Ad oggi il 7% delle MPI ha effettuato o prevede di effettuare ristrutturazione di immobili aziendali usufruendo del bonus 110%. Si tratta di attività allocate in condominio i cui soggetti titolari di reddito d’impresa possono usufruire del bonus in relazione alle spese sostenute per interventi realizzati sulle parti comuni degli edifici, qualora partecipino alla ripartizione delle spese in qualità di condomini.

Mentre dal lato dell’offerta la quota di imprese delle Costruzioni che ritengono il Superbonus 110% un’opportunità d’impresa si attesta al 39,7%.

“Per le piccole imprese – conclude Riva – va anche facilitato l’accesso a nuovi strumenti di finanza d’impresa, alla ricerca e all’innovazione digitale e tecnologica, ai progetti di transizione ecologica e di internazionalizzazione, agli interventi per la formazione e il trasferimento d’impresa e di competenze ai giovani, a partire dal rilancio dell’apprendistato quale canale privilegiato di ingresso nel mondo del lavoro. Sono tutti temi su cui la nostra Associazione di categoria sta sviluppando alcuni servizi che definiamo ‘potenziati’, come il nuovo Sportello Casa e il nuovo Ufficio Estero presentato la scorsa settimana. Abbiamo numerose attività ai blocchi di partenza per essere ancora più vicini alle nostre imprese e sostenerle in quella che non stento a definire una vera e propria guerra”.

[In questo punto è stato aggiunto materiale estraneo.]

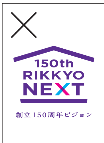
ロゴを変形させてはいけません

「RIKKYO NEXT」ロゴを適切に表示するため、ここにあげた禁止例に留意し、的確に使用してください。

Cambiare e rimettersi in gioco

Rispetto al prossimo futuro, l’ 80,1% delle imprese che hanno partecipato al sondaggio intende affrontare i prossimi mesi introducendo almeno un cambiamento, in particolare: ampliare il numero di committenti, attivare nuovi canali di vendita, produrre nuovi beni e offrendo nuovi servizi non connessi all’emergenza, entrare in nuovi mercati, diversificare la produzione, accelerare la transizione digitale e attivare nuove relazioni d’imprese (reti d’impresa, ATI, etc.).

Quote più elevate di micro piccole imprese che intendono affrontare i prossimi mesi mettendosi in gioco e introducendo almeno un cambiamento si rilevano per panetterie, rosticcerie/cibi da asporto e ristorazione, taxi e NCC, pasticcerie, ICT Information and Communications Technology (servizi informatici), fabbricazione di macchinari, comunicazione, grafici e fotografi, bevande, distillerie e birrifici, moda (tessile, abbigliamento, calzature, occhiali e gioielleria) e noleggio autobus con conducente.

Sette imprese su 10 appartenenti a questi settori risultano essere proprio le “principali vittime” dello shock pandemico, in quanto registrano cali maggiori di fatturato 2020 e quote più elevate di imprese che segnalano seri rischi di sostenibilità dell’attività fino a metà anno 2021.